Cuando llegué a mi oficina los encontré con caras de haber dormido poco y mal. Ambos tenían miedo.
Los tranquilicé, les dije que si actuábamos con rapidez nadie correría peligro. Pusimos a nuestra gente a trabajar. Antes de que clareara el alba los primeros evacuados ya habían emprendido el camino hacia el oeste. Yo me quedé hasta el final.
Pasé un día más y una noche más en la aldea. A lo lejos se oía el ruido de los cañones. Fui a ver a los judíos, el jefe de policía es testigo, y les dije que se marcharan. Después me llevé a los dos policías que tenía de guardia y dejé a los judíos abandonados a su suerte en la antigua curtiduría. Supongo que eso es la libertad.
Mi chofer me dijo que había visto pasar a algunos soldados de la Wehrmacht sin detenerse. Subí a mi oficina sin saber muy bien qué buscaba allí. La noche anterior había dormido en el sofá unas pocas horas y ya había quemado todo lo que se tenía que quemar.
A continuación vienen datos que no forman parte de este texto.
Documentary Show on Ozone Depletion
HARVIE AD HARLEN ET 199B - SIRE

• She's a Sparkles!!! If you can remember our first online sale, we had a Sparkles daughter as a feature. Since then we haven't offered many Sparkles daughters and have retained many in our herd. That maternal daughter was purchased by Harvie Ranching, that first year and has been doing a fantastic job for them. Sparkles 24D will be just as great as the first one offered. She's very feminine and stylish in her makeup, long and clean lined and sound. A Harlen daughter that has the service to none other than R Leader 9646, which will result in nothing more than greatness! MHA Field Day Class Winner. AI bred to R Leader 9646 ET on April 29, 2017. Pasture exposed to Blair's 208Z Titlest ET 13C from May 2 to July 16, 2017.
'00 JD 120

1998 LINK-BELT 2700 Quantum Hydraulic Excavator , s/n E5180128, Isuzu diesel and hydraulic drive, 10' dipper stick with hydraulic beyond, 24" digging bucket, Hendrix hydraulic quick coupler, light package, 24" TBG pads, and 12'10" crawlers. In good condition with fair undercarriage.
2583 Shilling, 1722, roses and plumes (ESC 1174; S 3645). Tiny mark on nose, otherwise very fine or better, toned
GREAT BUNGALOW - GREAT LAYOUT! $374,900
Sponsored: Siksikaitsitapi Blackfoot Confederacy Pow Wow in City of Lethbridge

Las calles del pueblo estaban vacías, aunque detrás de algunas ventanas se adivinaban las cabezas de las polacas.
Después bajé, me subí al coche y partimos, dijo Sammer a Reiter.
Fui un administrador justo. Hice cosas buenas, guiado por mi carácter, y cosas malas, obligado por el azar de la guerra.
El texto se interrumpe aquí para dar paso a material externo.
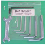
NSW090000 Tool kit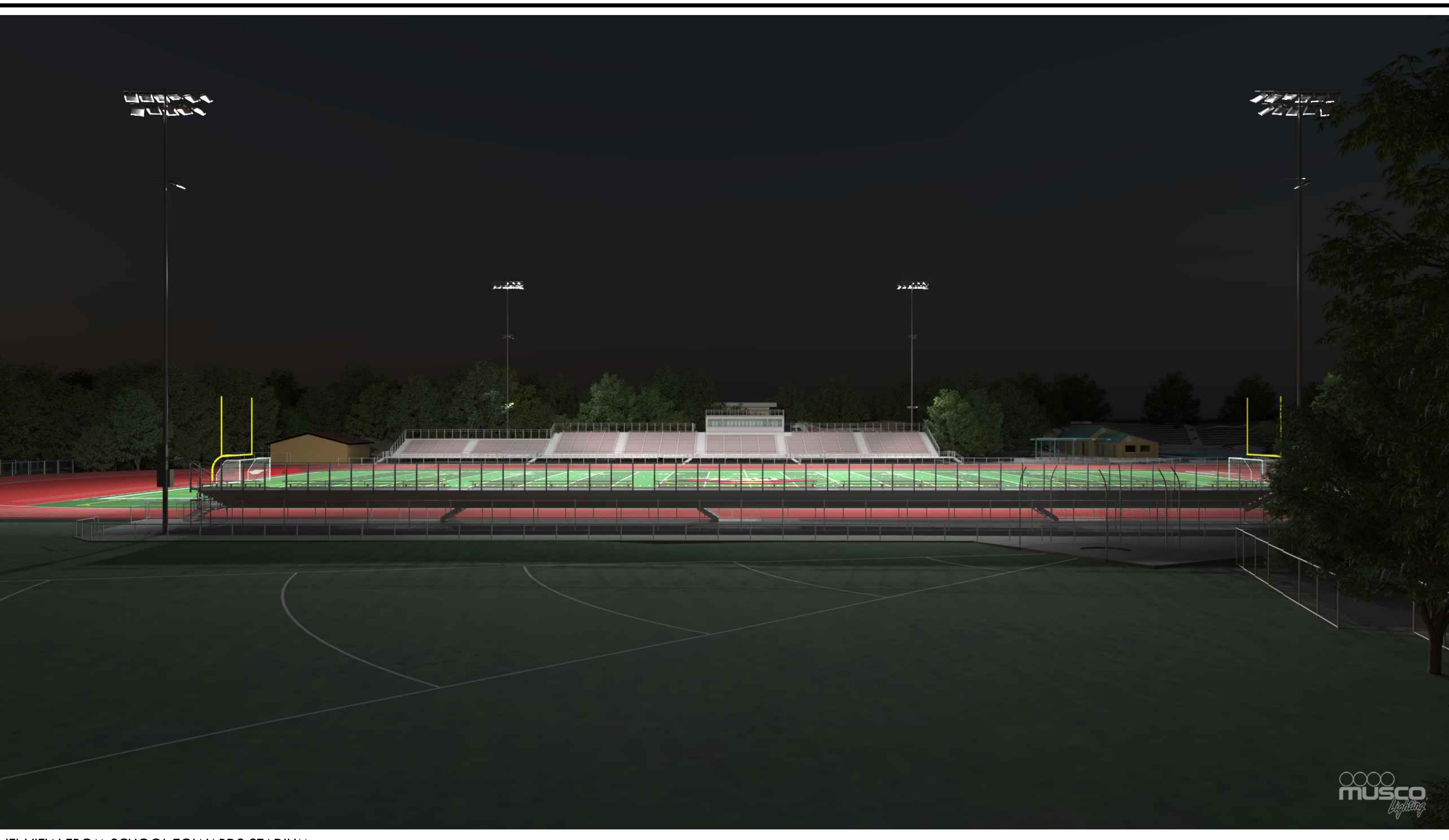
(E) VIEW FROM SCHOOL TOWARDS STADIUM

Ahora, sin embargo, los niños borrachos polacos abren la boca y dicen que yo les arruiné su infancia, le dijo Sammer a Reiter.
¿Yo? ¿Yo les arruiné su infancia? ¡El alcohol les arruinó su infancia!
¡El fútbol les arruinó su infancia! ¡Esas madres holgazanas y descriteriadas les arruinaron su infancia! No yo.